The result is a tarball the operator hands to the requester — JSON files per DB + filtered transcript JSONLs — encrypted with the requester's age public key.

When nexo export-user --id <id> ships, this whole shell pipeline collapses into one command with built-in encryption.

Retention policy

Operator-defined per deployment. Recommended defaults:

SurfaceRetentionWhy
Transcripts90 daysEnough for ops debugging + agent recall
Memory (long-term)indefiniteAgent's working memory; pruned by recall signals
TaskFlow finished flows30 daysAudit trail for completed work
TaskFlow failed flows365 daysForensics
Admin audit log365 daysCompliance
Disk-queue (NATS replay)7 daysDisaster recovery
Pairing pending requests60 minTTL-enforced by the store

Apply via cron (until nexo retention apply ships):

# /etc/cron.daily/nexo-retention
#!/bin/sh
set -eu
DB=/var/lib/nexo-rs/transcripts.db

# 90-day rolling window on transcripts
sqlite3 "$DB" "DELETE FROM transcripts
                WHERE timestamp < strftime('%s', 'now', '-90 days');"
sqlite3 "$DB" 'VACUUM;'

# Same for taskflow finished + failed
DB=/var/lib/nexo-rs/taskflow.db
sqlite3 "$DB" "DELETE FROM flows
                WHERE status='Finished'
                  AND finished_at < datetime('now', '-30 days');"
sqlite3 "$DB" "DELETE FROM flows
                WHERE status='Failed'
                  AND finished_at < datetime('now', '-365 days');"

PII detection (deferred)

Phase 50 plans inbound PII flagging — separate from the existing outbound redactor. The rough shape:

  • Regex pre-screen for SSN-shape, credit-card-shape (Luhn-checked), phone-number-shape per locale.
  • Optional LLM-backed second-pass via the future Phase 68 local tier (gemma3-270m).
  • Hits land in data/pii-flags.jsonl for operator review; agent dialog continues unimpeded.

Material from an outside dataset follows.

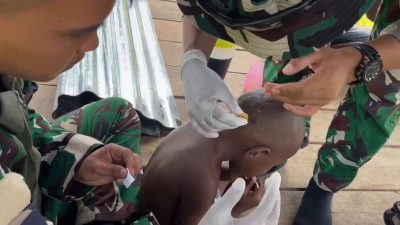 BAROMETER99, Mappi- Satgas Yonif 125/Si’mbisa Pos Venaha melaksanakan karya bhakti membersihkan lingkungan sekitar puskesmas di Kampung Sahapikya, Distrik Venaha, Kabupaten Mappi. Sabtu (06/07/2024).
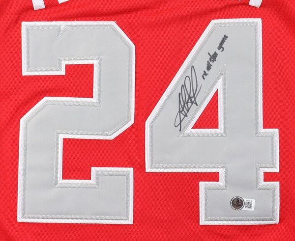 Majestic jersey. Everything is sewn on, size XL. Hand-signed and inscribed by Jesus Aguilar.The autograph includes an official Beckett Authentication Services serially numbered hologram for authenticity purposes.Authentication: Beckett Hologram

Today: nothing automated. The outbound redactor in crates/core/src/redaction.rs (regex-based) catches the obvious shapes before they reach long-term memory or the LLM, but doesn't emit a queue for operator review.

Encryption at rest

Two roads, both deferred to Phase 50.x:

  • Application-levelsqlcipher build of libsqlite3-sys with a key fed from secrets/. Every page encrypted; backups need the same key to restore.
  • Filesystem-leveldm-crypt / LUKS on the volume hosting NEXO_HOME. Operator does it once at provision, no Nexo changes required.

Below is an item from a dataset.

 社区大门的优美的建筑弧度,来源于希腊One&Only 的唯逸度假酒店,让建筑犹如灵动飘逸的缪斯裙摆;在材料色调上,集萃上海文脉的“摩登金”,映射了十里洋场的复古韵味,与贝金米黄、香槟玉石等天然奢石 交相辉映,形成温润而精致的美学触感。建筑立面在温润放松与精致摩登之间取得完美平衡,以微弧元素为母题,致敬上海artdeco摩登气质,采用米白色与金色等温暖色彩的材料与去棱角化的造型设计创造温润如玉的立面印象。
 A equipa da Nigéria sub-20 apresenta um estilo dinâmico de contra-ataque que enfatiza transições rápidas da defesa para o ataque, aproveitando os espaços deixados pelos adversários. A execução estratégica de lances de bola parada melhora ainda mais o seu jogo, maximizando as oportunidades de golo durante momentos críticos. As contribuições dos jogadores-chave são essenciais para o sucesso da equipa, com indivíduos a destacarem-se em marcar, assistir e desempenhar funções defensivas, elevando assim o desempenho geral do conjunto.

The native install + Hetzner / Fly recipes assume filesystem-level crypto handled by the host (LUKS on Hetzner, encrypted EBS on AWS, Fly volumes are encrypted at rest by default). When sqlcipher is ready we'll document switching tiers.

Status

CapabilityStatus
scripts/nexo-forget-user.sh cascading delete✅ shipped
Operator data-export shell pipeline (above)✅ documented
Retention policy + cron template✅ documented
nexo forget --user <id> subcommand⬜ deferred
nexo export-user --id <id> subcommand⬜ deferred
Inbound PII detection + review queue⬜ deferred
sqlcipher encryption at rest⬜ deferred
Admin-action audit log (separate from this script's manifest)⬜ deferred

Tracked as Phase 50 — Privacy toolkit.